Fish Image Recognition in Android App
In this project, we are going to develop an android app that uses mobile phone camera to classify 15 different types of fishes realtime.
There isn’t a comprehensive labeled dataset available for fish species so I built my own dataset of 120+ images from scratch. I collected images using a few different methods outlined below.
- Bing image search
- instagram by hashtag (i.e. #browntrout)
After collecting the images, I manually reviewed all of the photos to ensure that the images matched their respective species label and removed any miscellaneous images that didn’t belong (fishing equipment, a river, tackle box, incorrectly labeled fish species, etc). The data collection and cleaning phase took about one weeks. Now equipped with 120+ images across 15 fish species, I had an initial image dataset to start building a deep learning fish identification model. Although there were so many images that I ignore them because data collection is a time-consuming process.
Rather than creating a CNN from scratch, we’ll use a pre-trained model and perform transfer learning to customize this model with our new dataset.
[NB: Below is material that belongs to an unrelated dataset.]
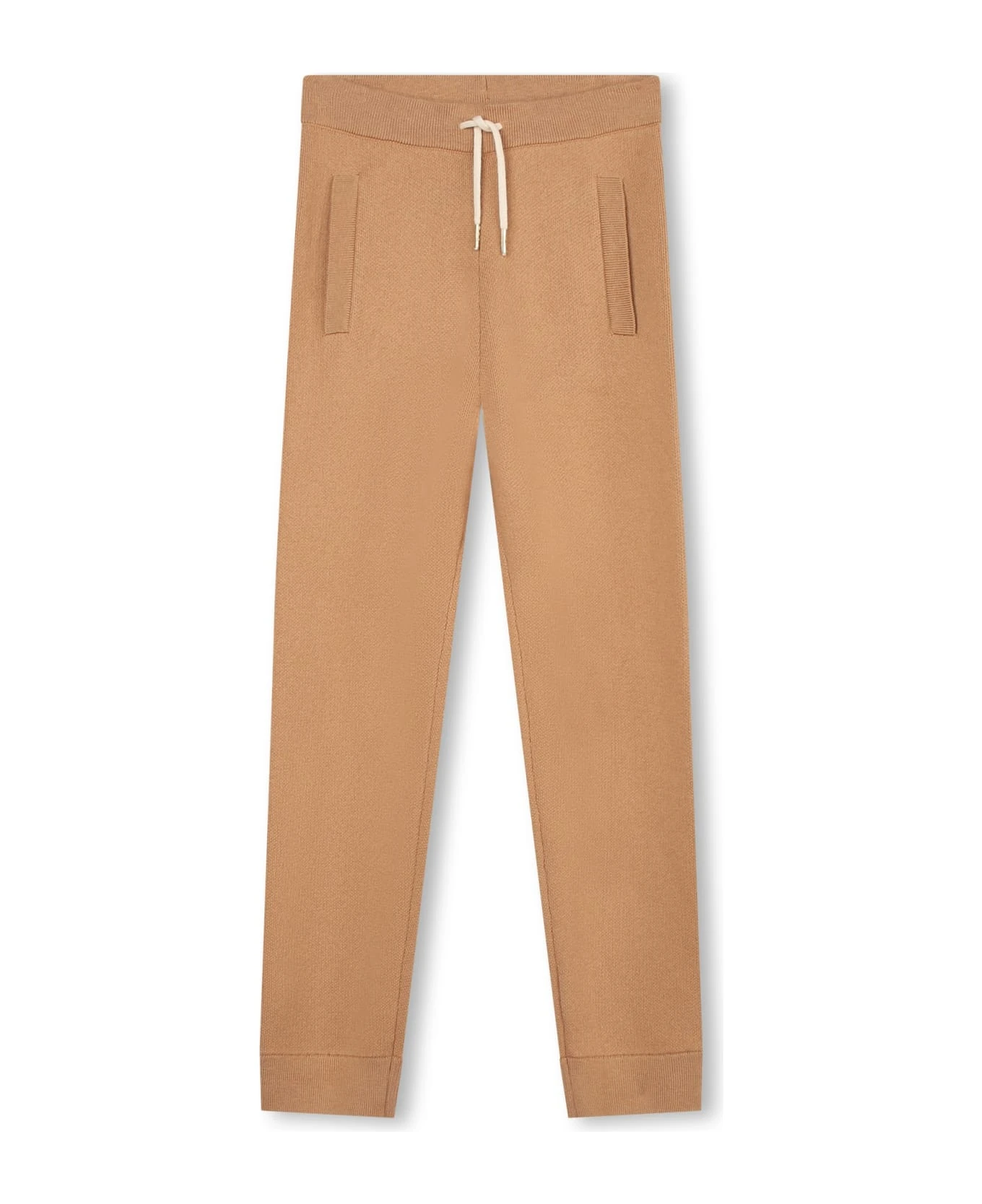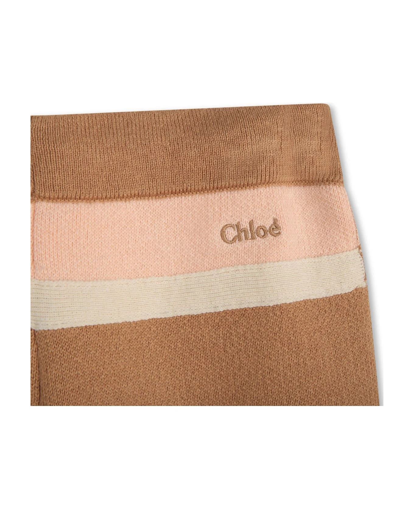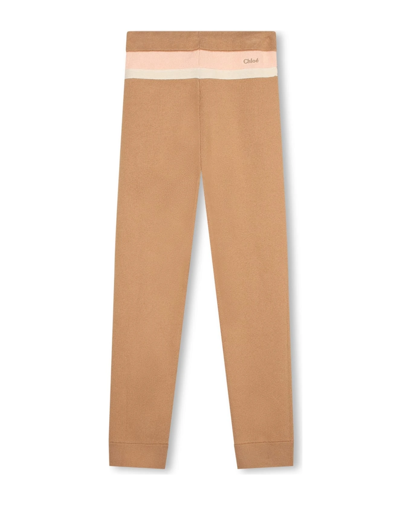 stripe-detail knitted track pants from CHLOÉ KIDS featuring light brown, white, light pink, cotton-wool blend, knitted construction, stripe detailing, logo print to the rear, elasticated drawstring waistband, ribbed ankles and two front jetted pockets.

The pre-trained model we’re going to use is MobileNet, and we'll fine tune on our images.
After we’ve built our TensorFlow model with transfer learning, we’ll use the TFLite converter to create a mobile-ready model variant. The model will then be used in an Android application that recognizes images captured by the camera realtime.
After 100 epochs, the test accuracy is about 71 percent for 15 specious. to reach a better result, we need to increase our data number to 500+. lack of data is a bottleneck in deep learning!